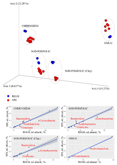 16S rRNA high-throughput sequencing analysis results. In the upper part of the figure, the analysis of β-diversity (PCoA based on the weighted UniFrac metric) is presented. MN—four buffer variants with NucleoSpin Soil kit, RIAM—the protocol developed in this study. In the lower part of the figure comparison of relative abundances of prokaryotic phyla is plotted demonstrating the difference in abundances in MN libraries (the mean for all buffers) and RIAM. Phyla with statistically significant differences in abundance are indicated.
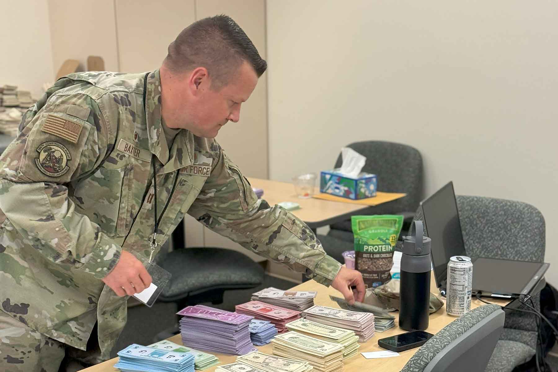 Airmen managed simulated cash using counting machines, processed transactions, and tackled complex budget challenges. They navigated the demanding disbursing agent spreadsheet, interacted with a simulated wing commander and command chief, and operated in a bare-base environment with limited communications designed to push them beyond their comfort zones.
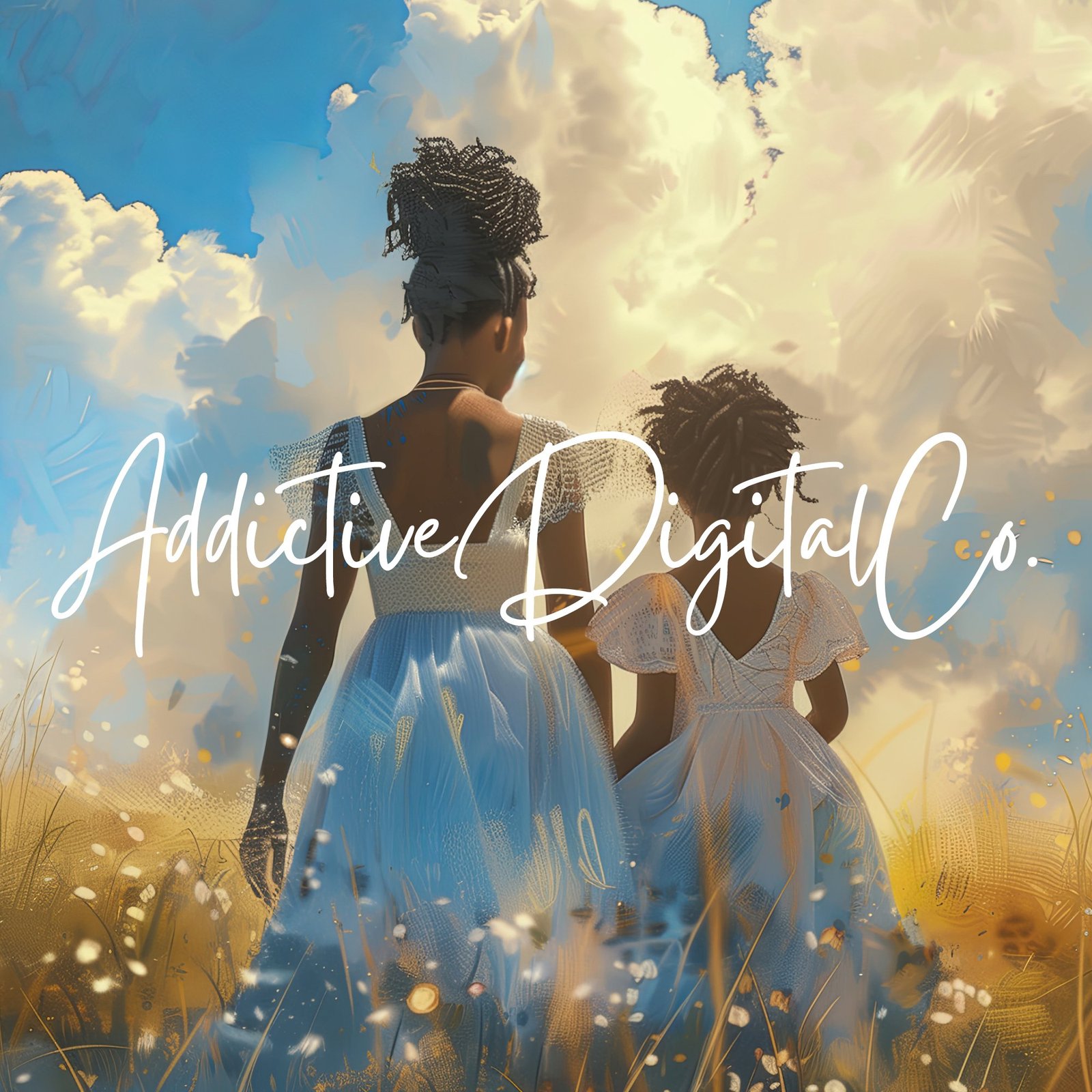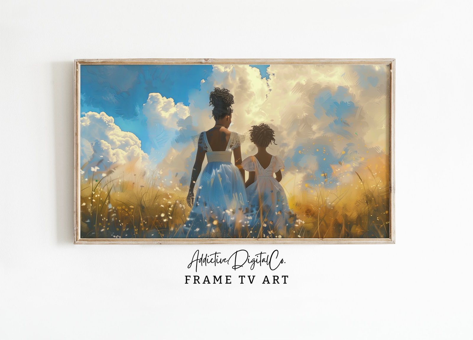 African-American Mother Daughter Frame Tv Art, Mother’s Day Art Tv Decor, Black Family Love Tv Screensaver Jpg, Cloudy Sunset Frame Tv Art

++++++++++++++++++++

*TASK DIRECTIONS:* Copy out all the data above exactly, pictures excluded.

*RESULT FOR THIS EXERCISE:*
 16S rRNA high-throughput sequencing analysis results. In the upper part of the figure, the analysis of β-diversity (PCoA based on the weighted UniFrac metric) is presented. MN—four buffer variants with NucleoSpin Soil kit, RIAM—the protocol developed in this study. In the lower part of the figure comparison of relative abundances of prokaryotic phyla is plotted demonstrating the difference in abundances in MN libraries (the mean for all buffers) and RIAM. Phyla with statistically significant differences in abundance are indicated.
 Airmen managed simulated cash using counting machines, processed transactions, and tackled complex budget challenges. They navigated the demanding disbursing agent spreadsheet, interacted with a simulated wing commander and command chief, and operated in a bare-base environment with limited communications designed to push them beyond their comfort zones.
 African-American Mother Daughter Frame Tv Art, Mother’s Day Art Tv Decor, Black Family Love Tv Screensaver Jpg, Cloudy Sunset Frame Tv Art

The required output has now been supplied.